A few what ifs in our history

BY: Collin Essamuah

There are a few matters in our political history that never cease to provoke me to wonder what the conclusions would have been if they had resulted in different outcomes.

I do of course believe that we cannot change what has happened already, but the fertile field of what could have happened and the different conclusions therefrom, have never ceased to fascinate us as Ghanaians.

We can readily agree without much dispute that the two major political beliefs in this country revolve around the lives and politics of President Nkrumah of the First Republic and Prime Minster Kofi Busia of the Second Republic.

In the current Fourth Republic, the adherents of Dr Busia are to be found in the ruling New Patriotic Party (NPP) of President Akufo-Addo, and those of the arguably more famous, more influential and more successful  Dr Nkrumah have found a home in the party founded in the name of President Rawlings, the National Democratic Congress(NDC).

This is a fact, not a slight of the current Convention Peoples’ Party(CPP) which is a pale, pathetic shadow of the party that secured independence for this country in 1957.

But don’t we sometimes wonder over the fact that these two enduring dispensations were both ousted from power by coups detat?
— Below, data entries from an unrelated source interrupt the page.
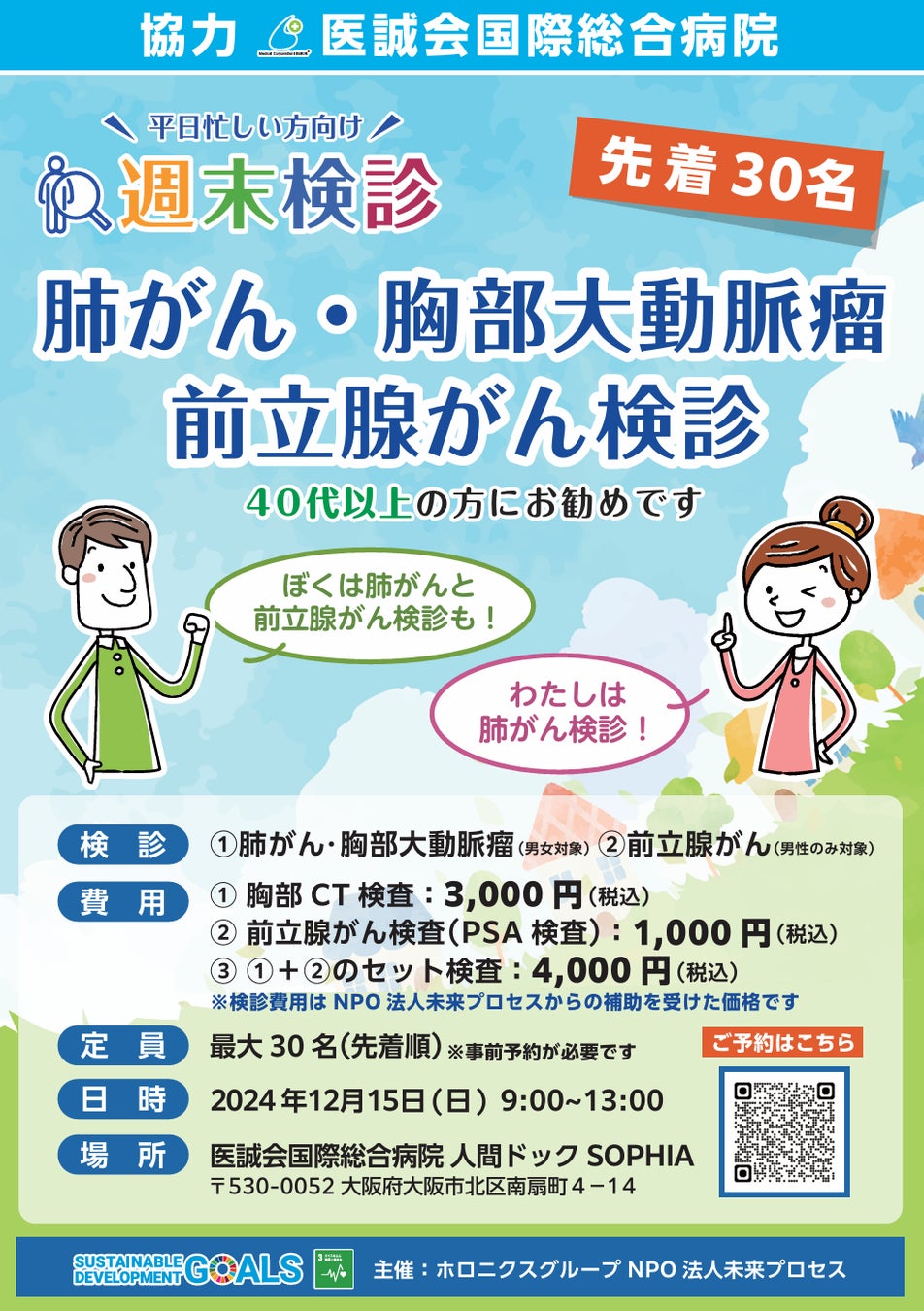 医療法人医誠会(本社:大阪府大阪市、代表者:谷 幸治)は、平日忙しい方に向けて、2024年12月15日(日)に医誠会国際総合病院にて「週末検診」を開催します。本イベントでは、肺がん・胸部大動脈瘤検診や前立腺がん検診を手頃な価格で受けていただけます。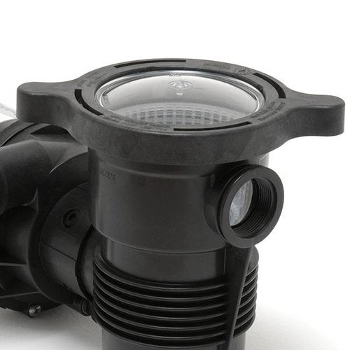 The OptiFlo vertical discharge aboveground pool pump has cam, ramp lid lock and a large strainer basket.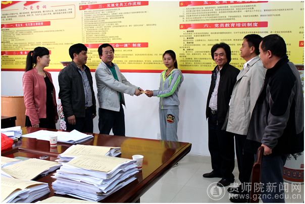 4月初,在全校“学党章、转作风、迎评估”知识竞赛活动中,继续教育学院参赛队了荣膺“二等奖”,继续教育学院经研究,决定奖励参赛队1500元。参赛队的三位同志觉得,这笔资金与其发给个人,不如用来资助贫困的学生。这一提议得到了继续教育学院党委和行政的大力支持。通过调查了解,他们得知地理与旅游学院2012级农业资源与环境专业学生李茜,家住遵义市桐梓县官仓镇朱天村河坝组,父亲李光锦身患癌症,无钱医治,不幸于今年4月18日亡故,撇下妻子和一对儿女,为了医治父亲,她们一家如今已是负债累累,借贷无力,家徒四壁,生活十分窘迫,于是决定将这笔奖金捐给学生李茜。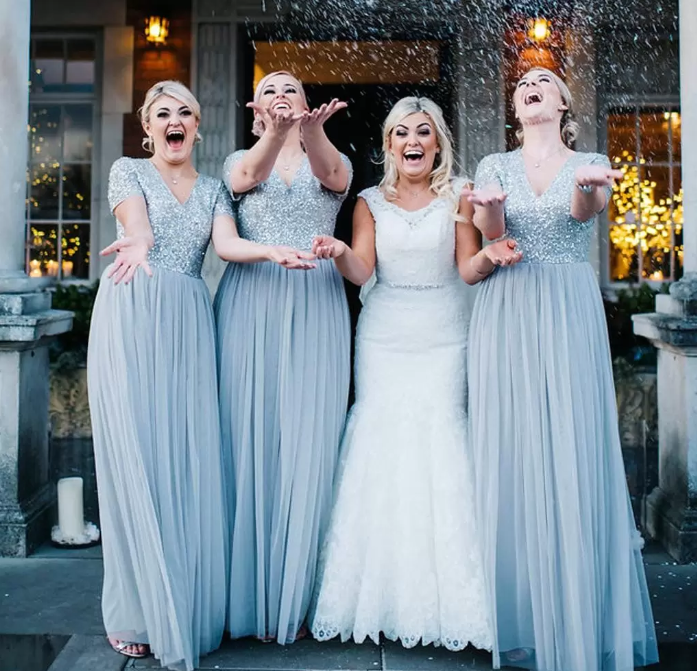 Dusty Blue Country Bridesmaid Dresses Cheap Top Sequin Prom Dresses With Short Sleeve V Neck Bling Party Gowns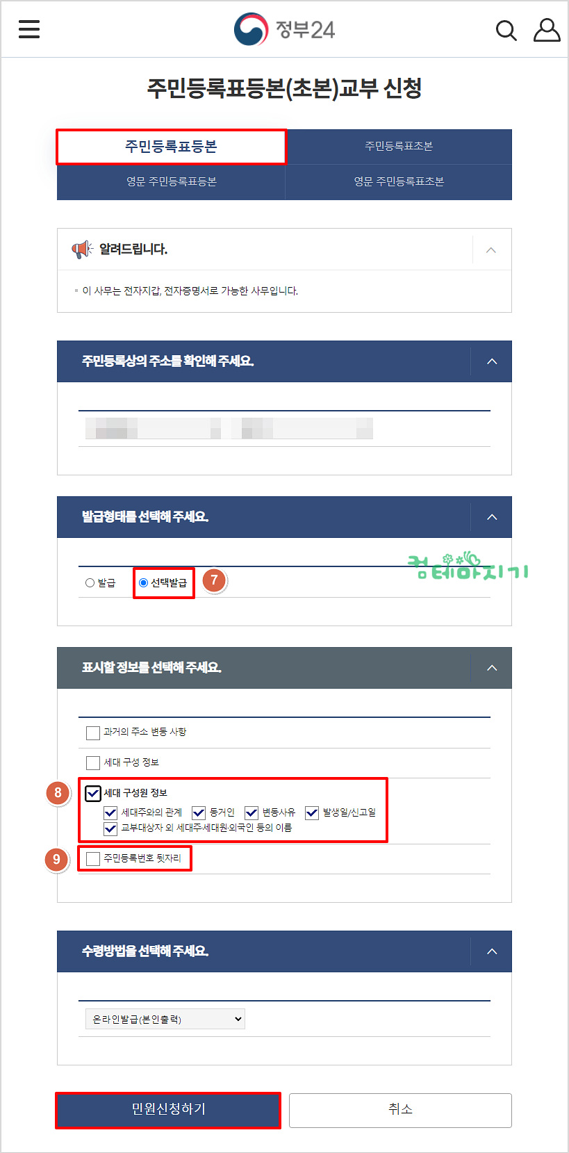 ▼ 주민등록표등본(초본)교부 신청 화면에서 [주민등록표등본] > [7. 선택발급]을 선택한 다음, [8. 세대 구성원 정보]를 체크합니다. [9. 주민등록번호 뒷자리]는 체크를 안해야 (*)문자로 처리됩니다.(주의)

What this overthrow has meant for us Ghanaians is that we are left to use our imagination to deduce the glorious ends of the regimes founded by these two leaders, Nkrumah and Busia.

We have rather their propagandists and supporters claiming the state of perpetual bliss and happiness that Ghanaians have regrettably missed since their terms in office were truncated forcibly by soldiers and not by the route by which they assumed power, the ballot.

What if

There are thus two types of suppositions which thrive in our imagination; the possibility that death would have taken them away at the time they were overthrown or the effect of they being in power till the time they naturally died.

For Nkrumah, these would have been what if he had fallen down dead on February 24, 1966 or on April 27, 1972, still as President of Ghana, the position he held at the time of the coup that overthrew him?

For Dr Busia, what if he had fallen down dead on January 13, 1972 as Prime Minister or on August 28, 1978 also as Prime Minister of this country?

These are not idle inquiries. Many things happened in the periods from their overthrow till their deaths which make these fascinating lines of inquiry, and of course, provide us with the reasons and justifications for the ideological changes and amendments which are now our lot in the Fourth Republic today. 

Let me ask just two questions which cut across the ironclad beliefs of these two men and their politics in this country. First, what if President Nkrumah had been in office at the time of the June 1967 Six Day Middle Eastern war fought by Israel and several neighbouring Arab countries, the principal one being Egypt then ruled by a friend of Nkrumah, President Gamel Nasser?

Or, secondly, if President Nkrumah had died while Premier Busia, his arch adversary in domestic politics, was in office as our Prime Minister? As we shall presently see, these are not idle questions at all.

Ideological contours

Immediately, knowing the ideological contours of the politics represented by these two men, we are faced with the formidable issue of the utility of mindless inflexibility in our politics. We know that one of the most ardent friends and supporters of Nkrumah in his politics in Ghana was the state of Israel, centering around a deep friendship with David Ben-Gurion the famous Israeli Prime Minister, our shipping line, the Black Star Line, Ghana Airways, both defunct were products of that association between the two countries.

The Black Star Square, the Hall of Trade Unions among other iconic structures of the First Republic were all constructed by the Israelis.Indeed, Israel gave the presidential yacht moored at Akosombo to Nkrumah.Is it still there?

After the 1966 coup, Nkrumah became more extreme in his ideological views captured in the books he wrote at the time. And we all know the friendship between Nkrumah and President Nasser of Egypt. On which side would Nkrumah have thrown his considerable weight in African and international diplomacy? Just recall that Nkrumah was overthrown while on a peace mission to Vietnam in South East Asia.


For Dr Busia, he would probably have had no qualms about rejecting the burial of Nkrumah in Ghana after the latter’s death in Romania in April 1972. Why? Because Busia had fled this country in 1959 into exile from a probable political detention by Nkrumah following the events around the Congo Junction coup attempt of RR Amponsah and Modesto Apaloo, also known as the Ahwaitey Affair and captured in the Granville Sharp Report.

Busia returned home in 1966 after the coup which ousted Nkrumah to form his Progress Party(PP) whose victory made him the Prime Minister. His government had passed a law making the possession of any Nkrumah artifact a crime and the mention of his name too, evidence of the deep, unbridgeable gulf of hatred and dislike his party held Nkrumah in.

This tale of what ifs is not as farfetched as it may seem. Our current President, Nana Akufo-Addo was an identifiable member of Nkrumah’s CPP as a Legon student when the Nkrumah government was toppled in 1966 after which he left to join the group he is now identified with. If the coup had not happened, what do you think would have been the political future of President Akufo-Addo today?

Perhaps, this may be a cautionary tale of the pitfalls of ideological inflexibility and political dogmatism.